The same trend was respected by Agile 3+ with values for F0 (0.073 ± 0.017), F1 (0.182 ± 0.024), F2 (0.336 ± 0.032), F3 (0.686 ± 0.042) and F4 (0.939 ± 0.016), respectively (Fig 2B).
Congruently, Agile 4 respected the same distribution, with values for F0 (0.006 ± 0.002), F1 (0.024 ± 0.005), F2 (0.100 ± 0.020), F3 (0.292 ± 0.039) and F4 (0.736 ± 0.041), respectively (Fig 2C).
For advanced fibrosis (≥F3), the predictive performance of Agile 3+ was indicated by an AUROC of 0.909 [0.866–0.942] and of Agile 4 by an AUROC of 0.911 [0.869–0.944] (Fig 3). The two scores performances tended to be lower than the AUROC for LSM alone 0.933 [0.894–0.961], although not statistically significant (DeLong test p = 0.209 and p = 0.245, respectively).
ROC—receiver operating characteristic curve, VCTE–vibration-controlled transient elastography, FIB-4 –Fibrosis 4 Index, kPa–kilopascals.
Using the cut-off of 0.451, Agile 3+ presented a Se = 90.41%, Sp = 79.77%, PPV = 65.35%, NPV = 95.17% and Acc = 82.93% for ruling out advanced fibrosis. By applying the cut-off of 0.679 to rule in advanced fibrosis, Agile 3+ exhibited a Se = 76.71%, Sp = 91.91%, PPV = 80.00%, NPV = 90.34% and Acc = 87.40%, respectively. The performance of Agile 3+ in predicting advanced fibrosis (≥F3) using our best selected cut-offs for Se ≥85%, ≥90% and Sp ≥90% is presented in Table 2.

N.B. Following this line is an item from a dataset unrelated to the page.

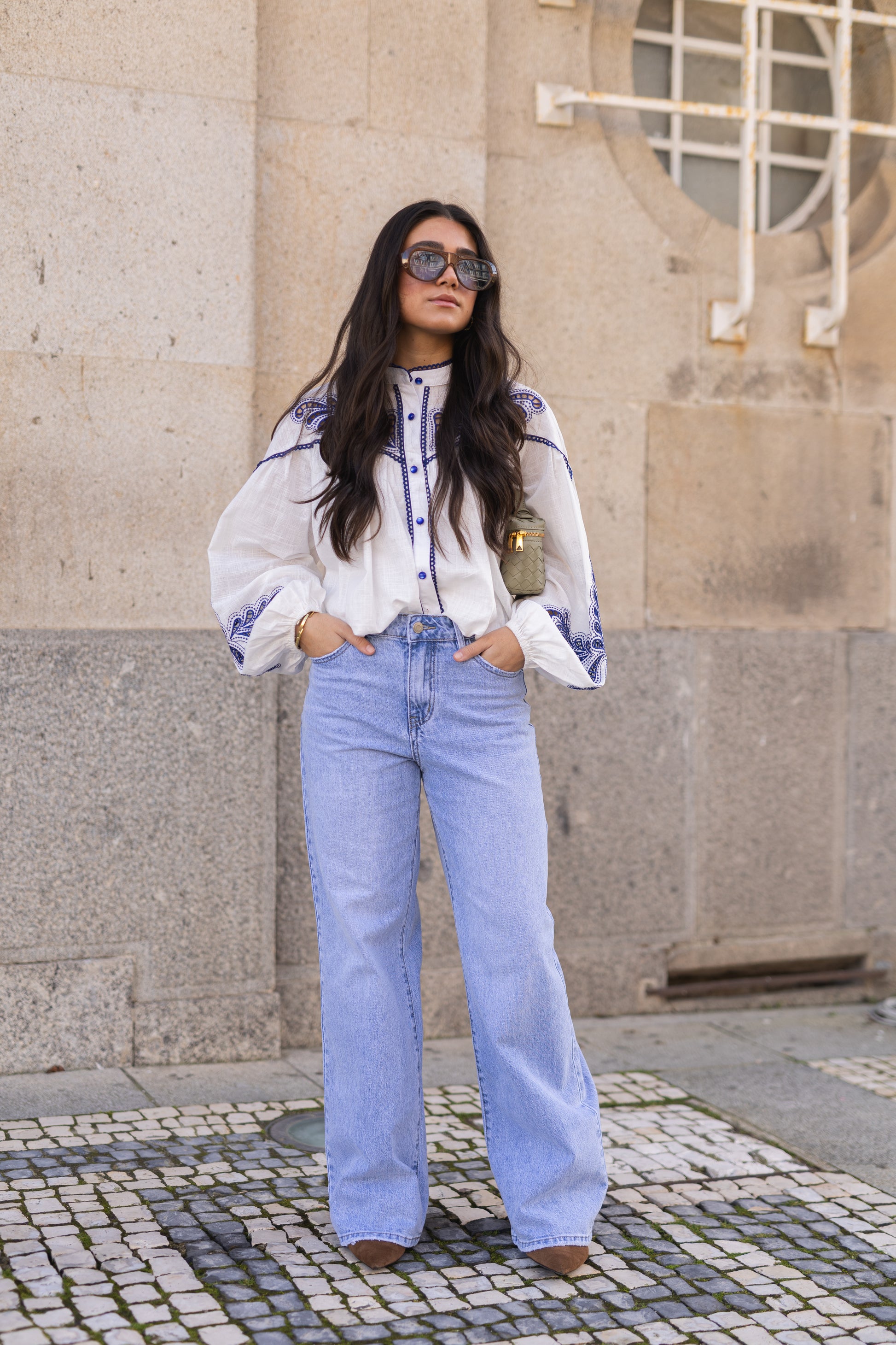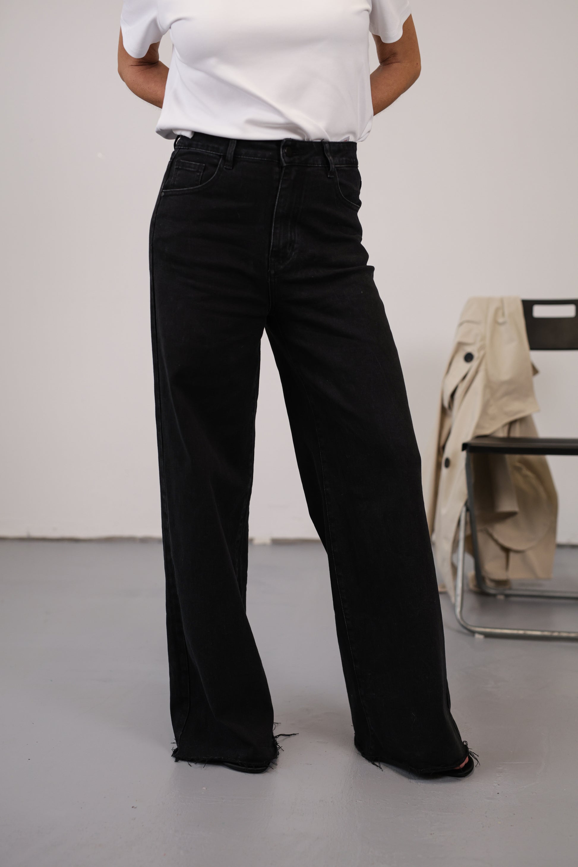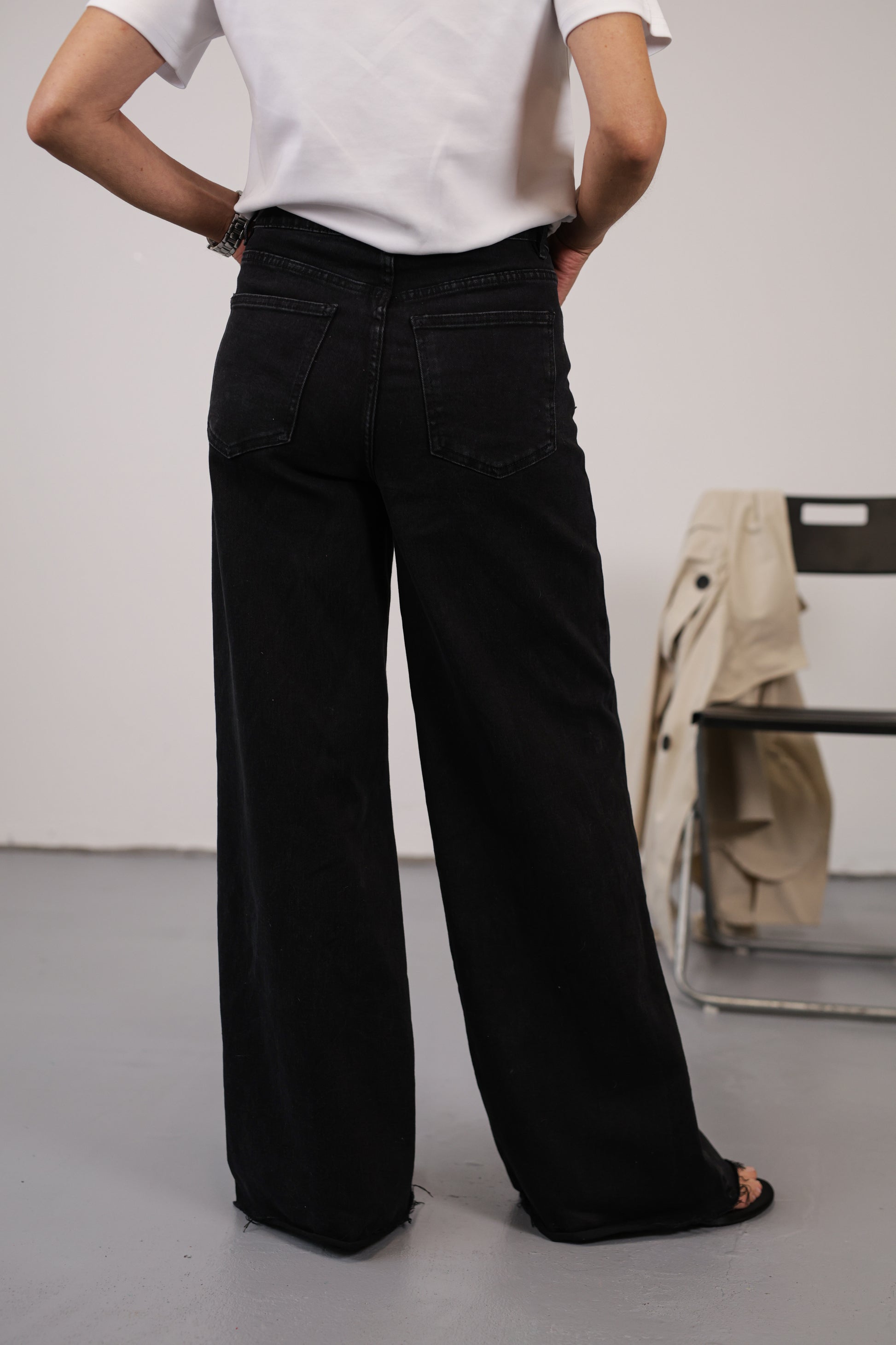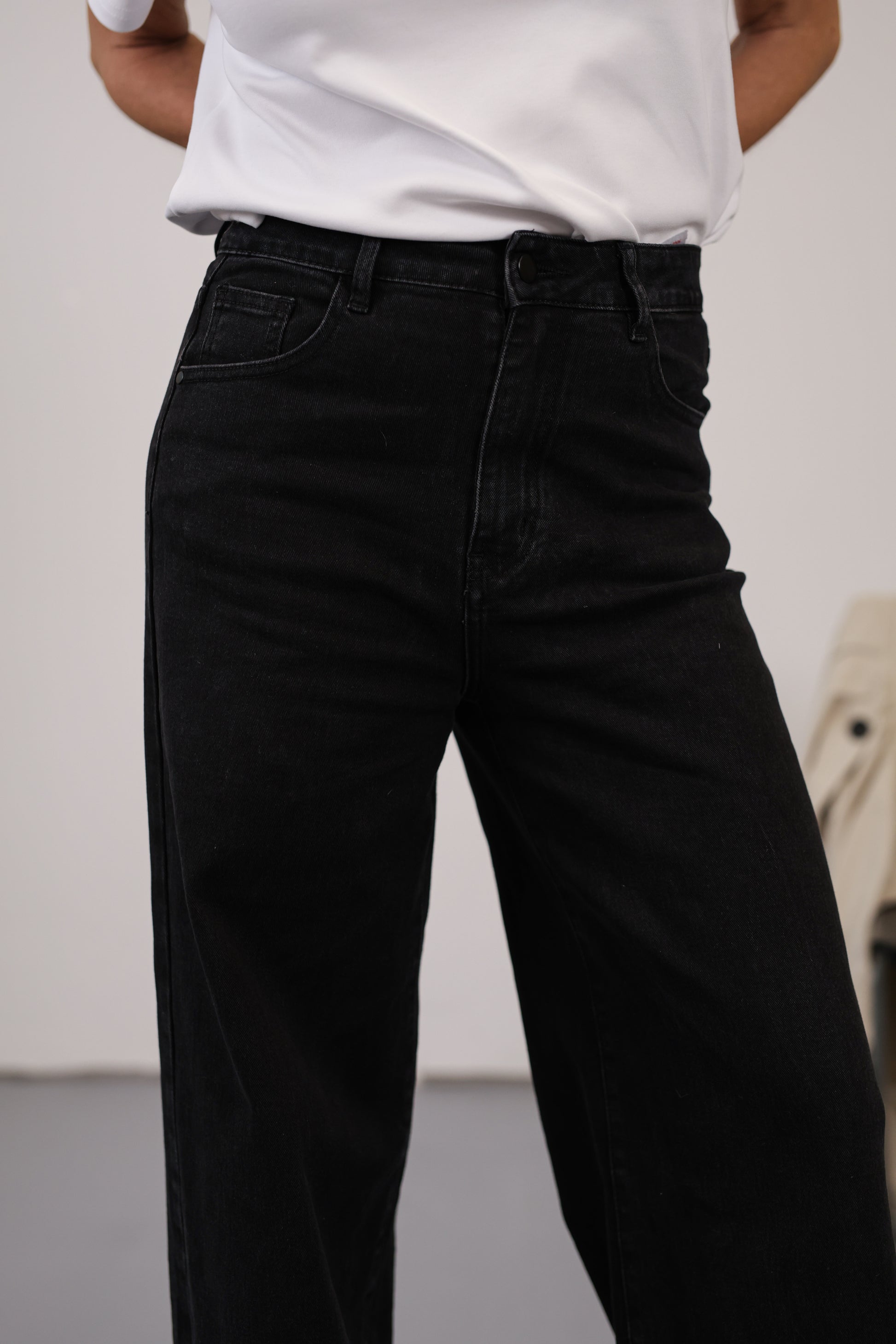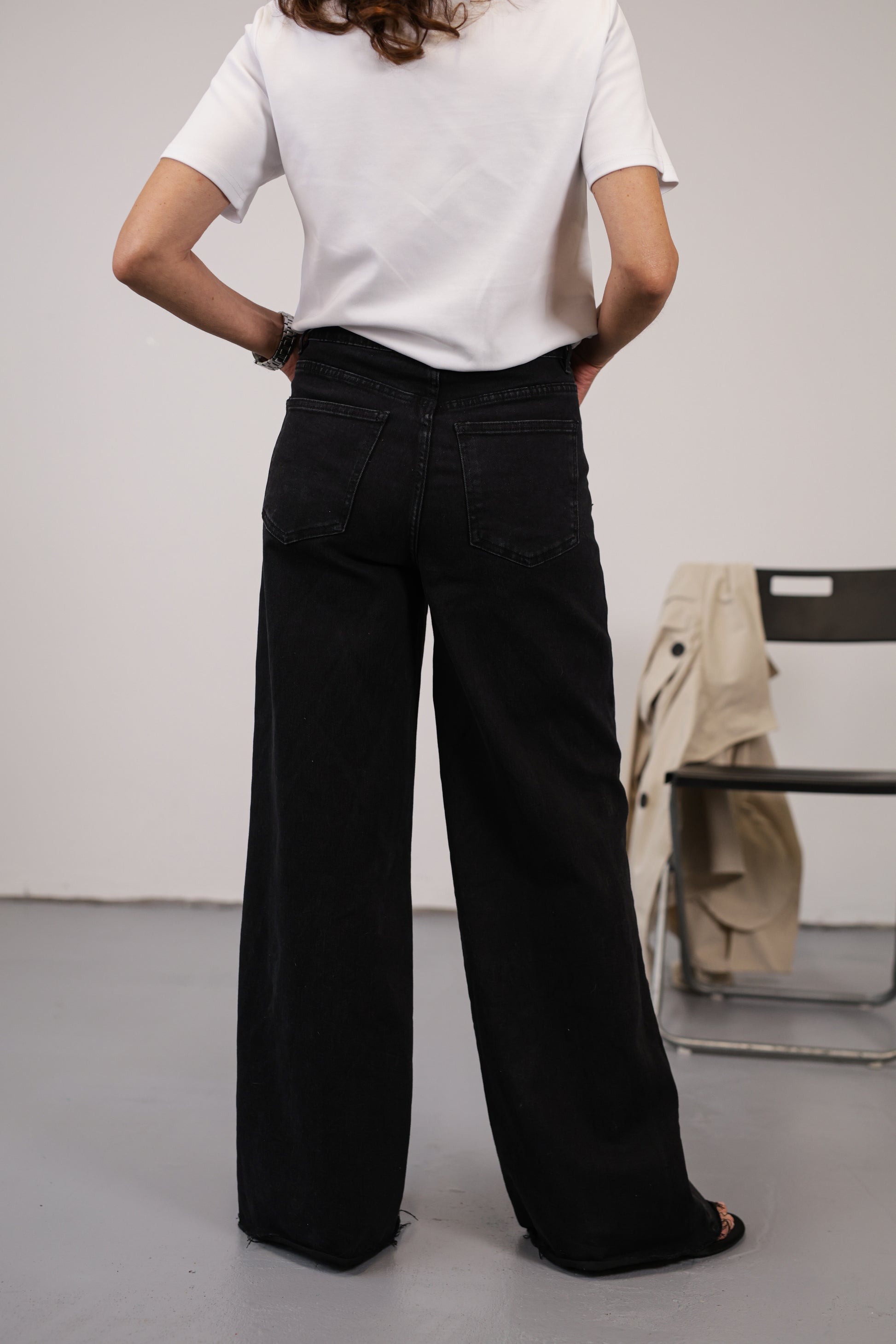 Jeans wide leg em denim. Cintura subida com presilhas e design de cinco bolsos. Fecho frontal com botão e fecho de correr. Corte solto e perna ampla.

For cirrhosis (F4), the diagnostic performance of Agile 3+ was indicated by an AUROC of 0.958 [0.925–0.980], and of Agile 4 by an AUROC of 0.968 [0.937–0.986] (Fig 4). The two scores performances tended to be higher than LSM-VCTE alone (0.956 [0.922–0.978]), although not statistically significant (DeLong test p = 0.782, and p = 0.312, respectively).
ROC—receiver operating characteristic curve, VCTE–vibration-controlled transient elastography, FIB-4 –Fibrosis 4 Index, kPa–kilopascals.
Using the cut-off of 0.251, Agile 4 presented a Se = 96.55%, Sp = 84.79%, PPV = 45.90%, NPV = 99.46% and Acc = 86.18% in ruling-out cirrhosis. By applying the cut-off of 0.565 to rule-in cirrhosis, Agile 4 exhibited a Se = 72.41%, Sp = 94.47%, PPV = 63.64%, NPV = 96.24% and Acc = 91.87%, respectively. The performance of Agile 4 in predicting cirrhosis (F4) using our best selected cut-offs for Se ≥90%, Se ≥85%, respectively Sp ≥90%, Sp ≥95% is presented in Table 3.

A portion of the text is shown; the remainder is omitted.